## What this task involves
Only the lines from the one containing "Rather than corn" through the last line below belong in your copy; transcribe them exactly and omit any pictures.
^^^^^^^^
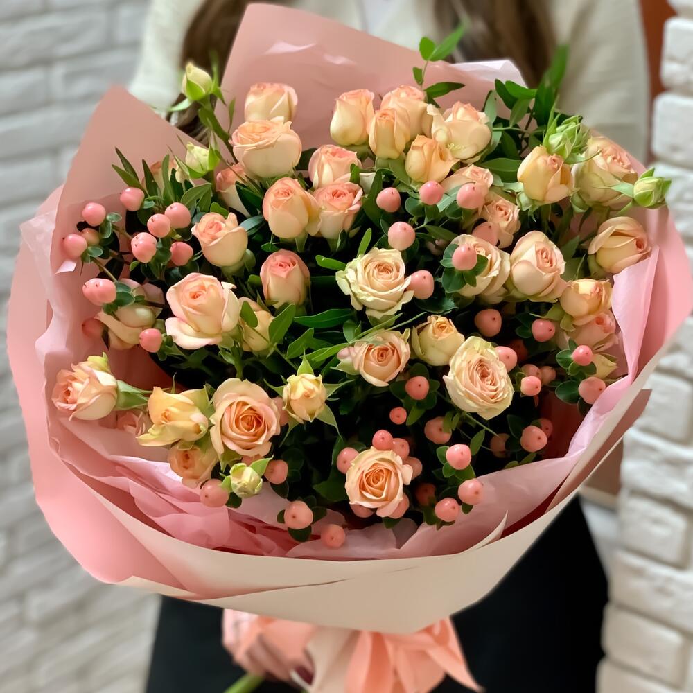 Альстромерии, Кустовые розы, Лизиантусы, Пионовидные розы, Розы, Ромашки
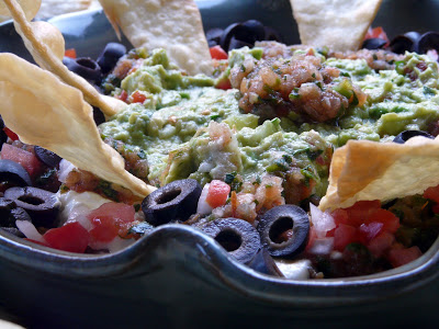 Rather than corn tortilla chips I cut flour tortillas into triangles and deep fried them. I prefer the texture of flour tortilla chips over corn tortilla chips with this dip.
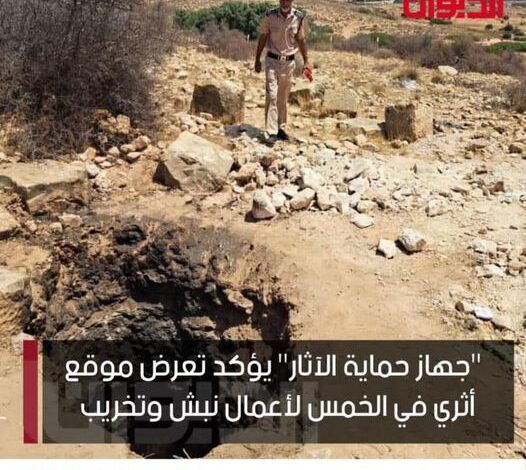 جهاز حماية الشرطة السياحية والآثار يفيد بتعرّض الموقع الأثري قصر القوس ببلدية الخمس لأعمال نبش وتخريب بحثاً عن الكنوز ويؤكد اتخاذ كافة الإجراءات القانونية حيال الواقعة.
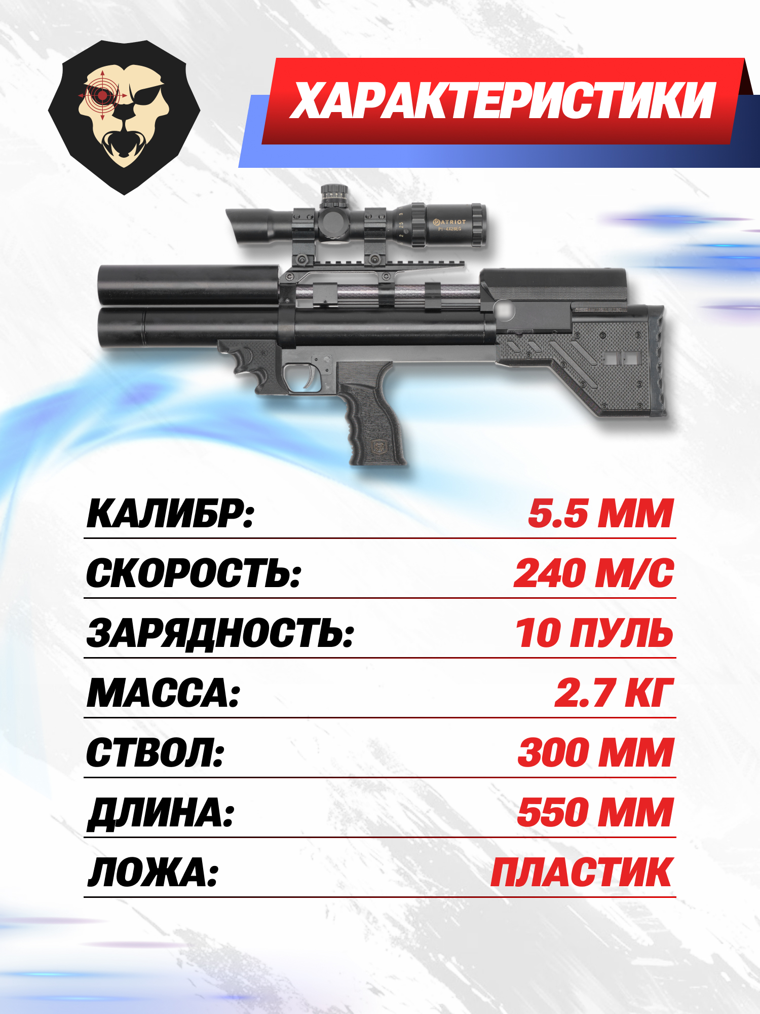 Обилие выбора позволяет среди современных пневматических PCP винтовок найти модель, которая станет подходящим оружием для стрелков разных направлений и интересов. Широкий выбор пневматических винтовок с различными характеристиками, материалами исполнения и калибром представлен в модельном ряду винтовок KrugerGun Снайпер буллпап 5.5 мм. Среди изделий компании Крюгер каждый стрелок подберет себе нужную модель, необходимый тюнинг и аксессуары для пневматики.
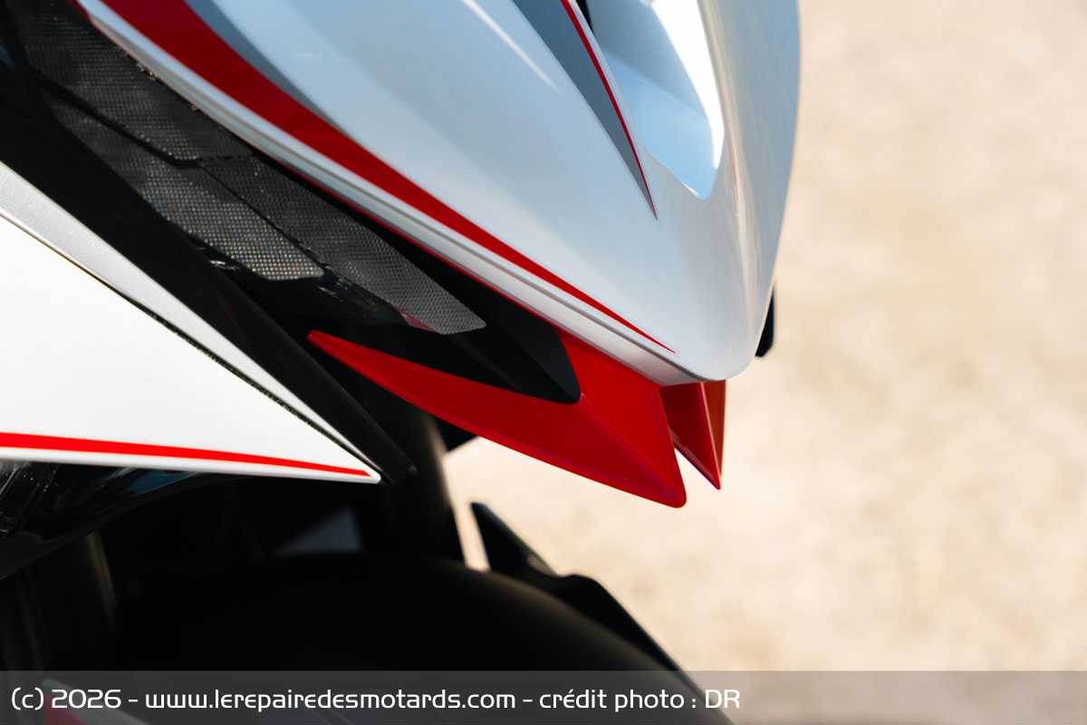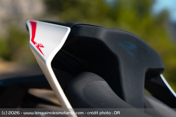 On peut être sportive et ne pas oublier d’être agréable. Démarrage sans clef par transpondeur (moins pratique quand on n’a pas de poche, notamment sur piste…), la moto offre du sans clef jusque dans l’ouverture de la trappe à essence ou de la selle laissant accès à un petit coffre et aux organes, dont la batterie Lithium plus puissante et plus légère que n’importe quel autre type.
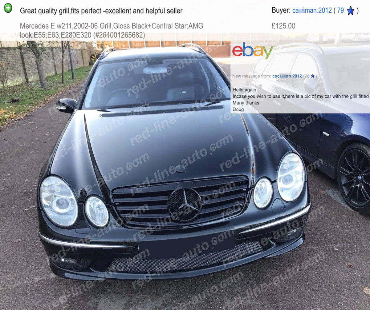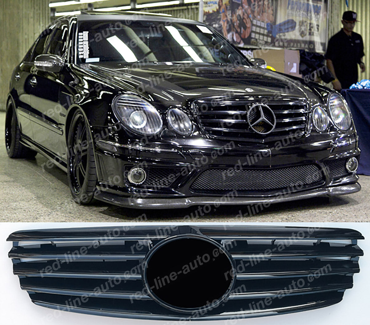 Pre-facelift Mercedes W211 E-Class Saloon S211 Estate AMG Sport Grille with Star, Full Gloss Black
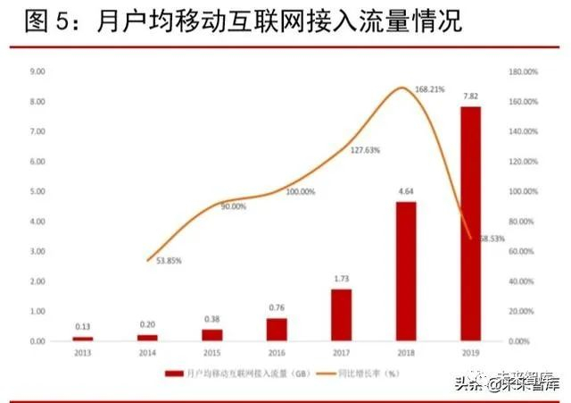 用户流量需求日渐旺盛,数据流量进入爆发期。2013 年作为 4G 开通元年,全国移动互联网接入流量仅为 12.7 亿 GB,人均每月移动互联网接入流量为 0.13GB。4G 开通的第二年,2014 年全国移动互联网接入流量、人均每月移动互联网接入流量分别达到 20.6 亿GB 和 0.20GB,同比分别大幅增长 62.20%和 53.85%。随着 4G 网络渗透率的不断提升,移动网络用户的基数不断扩大;同时,高速网络催生多个热门移动应用,用户对流量需求日渐旺盛。2019 年,全国移动互联网接入流量达到 1220 亿 GB,2013 至 2019 年年均复合增长率达到 114.01%;人均每月接入移动流量 7.82GB,2013 至 2019 年年均复合增长率高达 97.94%,增长幅度显著。
^^^^^^^^
## Reply to the task
 Rather than corn tortilla chips I cut flour tortillas into triangles and deep fried them. I prefer the texture of flour tortilla chips over corn tortilla chips with this dip.
 جهاز حماية الشرطة السياحية والآثار يفيد بتعرّض الموقع الأثري قصر القوس ببلدية الخمس لأعمال نبش وتخريب بحثاً عن الكنوز ويؤكد اتخاذ كافة الإجراءات القانونية حيال الواقعة.
 Обилие выбора позволяет среди современных пневматических PCP винтовок найти модель, которая станет подходящим оружием для стрелков разных направлений и интересов. Широкий выбор пневматических винтовок с различными характеристиками, материалами исполнения и калибром представлен в модельном ряду винтовок KrugerGun Снайпер буллпап 5.5 мм. Среди изделий компании Крюгер каждый стрелок подберет себе нужную модель, необходимый тюнинг и аксессуары для пневматики.
 On peut être sportive et ne pas oublier d’être agréable. Démarrage sans clef par transpondeur (moins pratique quand on n’a pas de poche, notamment sur piste…), la moto offre du sans clef jusque dans l’ouverture de la trappe à essence ou de la selle laissant accès à un petit coffre et aux organes, dont la batterie Lithium plus puissante et plus légère que n’importe quel autre type.
 Pre-facelift Mercedes W211 E-Class Saloon S211 Estate AMG Sport Grille with Star, Full Gloss Black
 用户流量需求日渐旺盛,数据流量进入爆发期。2013 年作为 4G 开通元年,全国移动互联网接入流量仅为 12.7 亿 GB,人均每月移动互联网接入流量为 0.13GB。4G 开通的第二年,2014 年全国移动互联网接入流量、人均每月移动互联网接入流量分别达到 20.6 亿GB 和 0.20GB,同比分别大幅增长 62.20%和 53.85%。随着 4G 网络渗透率的不断提升,移动网络用户的基数不断扩大;同时,高速网络催生多个热门移动应用,用户对流量需求日渐旺盛。2019 年,全国移动互联网接入流量达到 1220 亿 GB,2013 至 2019 年年均复合增长率达到 114.01%;人均每月接入移动流量 7.82GB,2013 至 2019 年年均复合增长率高达 97.94%,增长幅度显著。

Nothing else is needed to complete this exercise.